July 16, 2009

Iraqi Churches Targeted and Bombed

By Elijah M. Brown

According to CNN, over this last weekend “at least four people were killed and 32 wounded as six Baghdad-area churches were bombed within 24 hours.” (http://www.cnn.com/2009/WORLD/meast/07/12/iraq.violence/index.html?iref=newssearch)

St. Joseph’s church in western Baghdad was bombed as well as two churches in central Baghdad, two churches in eastern Baghdad, and one church in southern Baghdad.

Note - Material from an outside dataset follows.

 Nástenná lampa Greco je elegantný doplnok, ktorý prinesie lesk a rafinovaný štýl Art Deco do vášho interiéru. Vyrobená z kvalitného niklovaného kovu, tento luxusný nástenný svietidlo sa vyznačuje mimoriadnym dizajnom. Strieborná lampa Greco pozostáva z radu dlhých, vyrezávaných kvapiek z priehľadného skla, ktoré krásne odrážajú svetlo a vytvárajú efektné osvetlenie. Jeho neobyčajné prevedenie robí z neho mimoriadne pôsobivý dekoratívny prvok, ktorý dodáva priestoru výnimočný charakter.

In addition to the bombings, on Sunday morning, in the northern Iraqi city of Kirkuk approximately 150 miles north of Baghdad, assailants “using guns with silencers… opened fire on Rizko Aziz Nissan outside his home in central Kirkuk at 8:15 a.m. Nissan was an Iraqi Christian” and a local official.

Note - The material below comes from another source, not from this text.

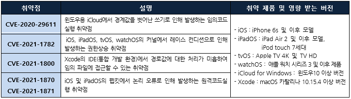 Apple사에서 자사 제품의 보안 업데이트를 발표하고, 관련 취약점을 해결하기 위해 최신 버전으로 업데이트할 것을 권고하였다.

On Monday morning, in the northern city of Mosul “a car bomb detonated near a church in the al-Faisaliya district [and] wound[ed] three children.” (http://www.cnn.com/2009/WORLD/meast/07/13/iraq.church.bombings/index.html?iref=newssearch)

Eight separate attacks. Three different towns. Three days of violence. And each attack specifically targeted churches or a local Christian official.

In the midst of all of the controversy surrounding the Iraq war, let us remember our Christian brothers and sisters who are suffering in Iraq. Though underreported and often overlooked, in recent years no other community in Iraq has suffered and been affected as much as the Christian community. The estimated one million Christian community has been repeatedly targeted, internally displaced, and forced to flee in fear of their lives.

And the sad truth is that international Christians are more inclined to overlook or simply fail to engage with their persecuted brothers and sisters. There has never been a greater need to pursue international religious freedom and to actively stand in solidarity with those who are at the blunt end of discrimination, persecution and injustice. As we gather in our churches this week, would you hold a time of remembrance for the fallen and persecuted Christian brothers and sisters in Iraq?

Let us remember our brothers and sisters in Iraq.

And then, let us do more than just remember.